2001-10-23

Crummy Monday, posted at 7:59 a.m.

Epiphany in Baltimore has moved to epiphanyinbaltimore.blogspot.com

Yesterday was terrible. I got out of here at 3:54, one of my earliest afternoons yet.

I was sick, the kids were terrible, and I was in a surly mood all day.

First things first - I think I'm getting a cold. A bad one. Maybe even the flu. I feel it coming on like a mack truck. It hasn't hit me yet, and I tried to fend it off by taking a three hour nap when I came home, then take Ny-Quill and sleeping from 10:30pm-7am last night. I may have beat it, but I'm not sure. I'm feeling a bit groggy this morning and my throat is still a bit scratchy, but the former may still be the aftereffects of the Ny-Quill and the latter may be as bad as it's going to get.

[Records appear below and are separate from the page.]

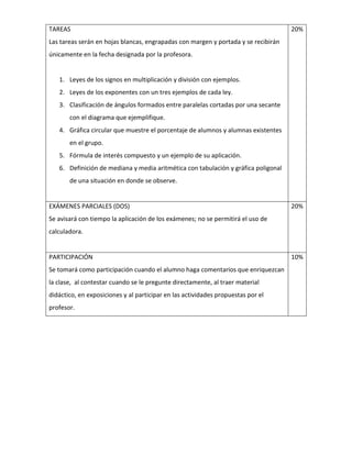 Este documento describe los aspectos que serán evaluados en la clase de matemáticas durante el período del 18 de agosto al 17 de octubre de 2014. Los estudiantes serán evaluados en su cuaderno de apuntes (20%), libro de texto (10%), tareas (10%), exámenes parciales (20%), examen departamental (20%) y participación (10%). Se proporcionan detalles sobre los requisitos para cada categoría evaluada.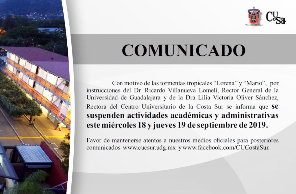 El Centro Universitario de la Costa Sur, de la Universidad de Guadalajara, suspende actividades debido a las tormentas tropicales "Lorena" y "Mario". Durante lo que resta de este miércoles y mañana jueves 19 de septiembre se suspenden las actividades académicas y administrativas.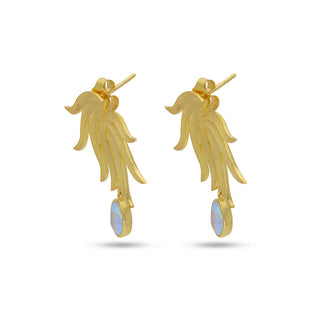 LEAF SHAPE FIRE OPAL GEMSTONE 925 STEALING SILVER PUSH BACK By Harshita Jewellery

Actually being sick wouldn't be so bad. I am allotted ten sick days a year. We'll see.

Secondly, the kids. I guess the four days off made the kids extra squirrelly yesterday. They were awful. Period 2/3 is killer right now. I love my 5/6 class and 7th is going pretty good even though they're freshmen. But I actually handed out a detention yesterday to a kid in 2/3. I hate handing out detention for the simple fact that it loads work upon the end of my day. But I had to do it. This little kid is a butthead. He didn't listen to me when I told him to get back to his seat, so I said, "Okay, please head to the hallway instead." After class, I spoke to him, and told him something like, "I know you can't stand not to be the center of attention and you're wishing everyone would look at you and not me, but I can't have it in here." Actually, I didn't say that to him, but I wanted to. Instead, I told him he'd have to make up the time spent in the hallway during detention tonight. I do need to get better about consequences, so maybe this will be a good thing for my teaching.

Oh, and the mood thing was a combination of how I felt and how the kids were acting. It was the sort of day that made me question my career choice. My head is all cloudy this morning and I'm not sure things will be a whole lot better. I feel like going back to bed.